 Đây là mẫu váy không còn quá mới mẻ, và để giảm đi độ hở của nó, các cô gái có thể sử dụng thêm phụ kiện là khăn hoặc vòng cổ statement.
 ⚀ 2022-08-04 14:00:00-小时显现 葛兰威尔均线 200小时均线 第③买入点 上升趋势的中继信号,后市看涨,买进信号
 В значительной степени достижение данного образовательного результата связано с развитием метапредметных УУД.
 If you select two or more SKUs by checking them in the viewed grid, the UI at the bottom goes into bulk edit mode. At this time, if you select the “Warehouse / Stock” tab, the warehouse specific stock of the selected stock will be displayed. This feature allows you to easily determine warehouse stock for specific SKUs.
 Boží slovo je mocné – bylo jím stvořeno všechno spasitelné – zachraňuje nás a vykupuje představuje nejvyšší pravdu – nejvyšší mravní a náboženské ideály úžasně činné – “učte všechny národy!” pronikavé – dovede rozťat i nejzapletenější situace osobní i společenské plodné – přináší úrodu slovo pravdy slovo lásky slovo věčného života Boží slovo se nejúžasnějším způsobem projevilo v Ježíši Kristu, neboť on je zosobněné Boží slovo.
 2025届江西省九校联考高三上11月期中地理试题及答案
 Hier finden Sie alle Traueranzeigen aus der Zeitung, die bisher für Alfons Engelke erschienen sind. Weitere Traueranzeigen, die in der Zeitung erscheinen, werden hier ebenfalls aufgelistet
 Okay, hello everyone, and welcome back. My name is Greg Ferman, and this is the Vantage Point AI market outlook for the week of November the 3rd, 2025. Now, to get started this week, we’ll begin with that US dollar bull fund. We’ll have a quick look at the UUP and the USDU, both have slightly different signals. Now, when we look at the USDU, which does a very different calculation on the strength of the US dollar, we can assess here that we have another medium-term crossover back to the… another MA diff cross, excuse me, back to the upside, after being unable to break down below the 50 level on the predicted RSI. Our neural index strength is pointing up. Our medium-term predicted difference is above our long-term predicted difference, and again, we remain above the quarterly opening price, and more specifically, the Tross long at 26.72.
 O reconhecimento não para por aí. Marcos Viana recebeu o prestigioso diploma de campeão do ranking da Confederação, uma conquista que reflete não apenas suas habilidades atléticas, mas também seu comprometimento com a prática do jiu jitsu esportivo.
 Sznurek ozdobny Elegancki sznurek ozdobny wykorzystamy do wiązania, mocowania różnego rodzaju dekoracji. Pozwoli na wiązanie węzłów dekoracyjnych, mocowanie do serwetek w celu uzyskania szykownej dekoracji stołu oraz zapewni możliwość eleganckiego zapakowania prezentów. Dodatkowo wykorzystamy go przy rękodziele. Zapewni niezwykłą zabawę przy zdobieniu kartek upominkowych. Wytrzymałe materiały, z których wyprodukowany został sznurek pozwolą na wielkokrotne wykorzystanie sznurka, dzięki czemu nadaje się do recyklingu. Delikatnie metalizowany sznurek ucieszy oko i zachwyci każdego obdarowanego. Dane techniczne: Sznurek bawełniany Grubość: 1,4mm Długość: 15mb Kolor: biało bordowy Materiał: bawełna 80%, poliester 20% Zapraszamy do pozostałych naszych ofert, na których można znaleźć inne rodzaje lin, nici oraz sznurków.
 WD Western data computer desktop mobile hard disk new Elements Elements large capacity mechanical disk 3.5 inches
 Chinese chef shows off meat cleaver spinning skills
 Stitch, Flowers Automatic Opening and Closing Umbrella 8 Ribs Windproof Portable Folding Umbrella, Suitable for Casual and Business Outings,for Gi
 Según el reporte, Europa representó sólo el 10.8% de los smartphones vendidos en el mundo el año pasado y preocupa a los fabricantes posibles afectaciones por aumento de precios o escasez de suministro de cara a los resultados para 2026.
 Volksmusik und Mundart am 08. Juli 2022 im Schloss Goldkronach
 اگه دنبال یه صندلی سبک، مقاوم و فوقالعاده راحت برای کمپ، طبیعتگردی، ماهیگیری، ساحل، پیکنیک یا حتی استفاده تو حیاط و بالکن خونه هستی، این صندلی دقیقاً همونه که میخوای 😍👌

Activity → Of the lines above, output exactly those from the line bearing "Boží slovo je" through the line bearing "Hier finden Sie", inclusive.

Your response →
 Boží slovo je mocné – bylo jím stvořeno všechno spasitelné – zachraňuje nás a vykupuje představuje nejvyšší pravdu – nejvyšší mravní a náboženské ideály úžasně činné – “učte všechny národy!” pronikavé – dovede rozťat i nejzapletenější situace osobní i společenské plodné – přináší úrodu slovo pravdy slovo lásky slovo věčného života Boží slovo se nejúžasnějším způsobem projevilo v Ježíši Kristu, neboť on je zosobněné Boží slovo.
 2025届江西省九校联考高三上11月期中地理试题及答案
 Hier finden Sie alle Traueranzeigen aus der Zeitung, die bisher für Alfons Engelke erschienen sind. Weitere Traueranzeigen, die in der Zeitung erscheinen, werden hier ebenfalls aufgelistet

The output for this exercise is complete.